■ **Exercise goal**: Drop the pictures and extract exactly the lines from the one that contains "The duo admire" through the end of the material.

■ **Recorded data**:

━━━━

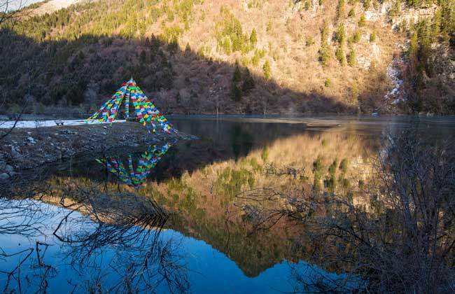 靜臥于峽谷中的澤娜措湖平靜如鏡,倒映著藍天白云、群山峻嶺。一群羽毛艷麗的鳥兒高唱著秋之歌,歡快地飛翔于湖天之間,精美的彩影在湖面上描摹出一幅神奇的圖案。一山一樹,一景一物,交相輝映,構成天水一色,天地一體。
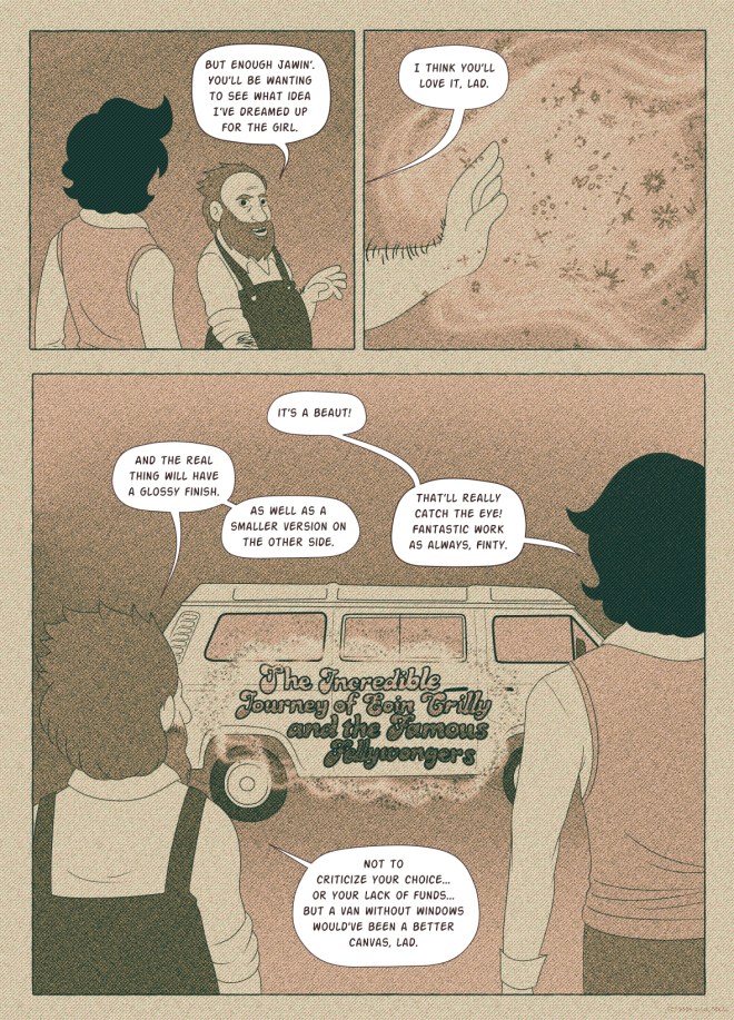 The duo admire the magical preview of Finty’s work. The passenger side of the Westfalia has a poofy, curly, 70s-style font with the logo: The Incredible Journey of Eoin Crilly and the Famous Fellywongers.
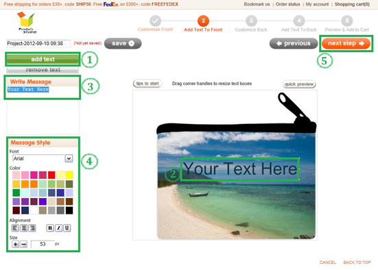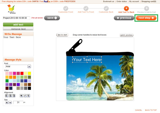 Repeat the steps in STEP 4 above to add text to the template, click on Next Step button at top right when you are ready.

━━━━

■ **Answer to this task**:
 The duo admire the magical preview of Finty’s work. The passenger side of the Westfalia has a poofy, curly, 70s-style font with the logo: The Incredible Journey of Eoin Crilly and the Famous Fellywongers.
 Repeat the steps in STEP 4 above to add text to the template, click on Next Step button at top right when you are ready.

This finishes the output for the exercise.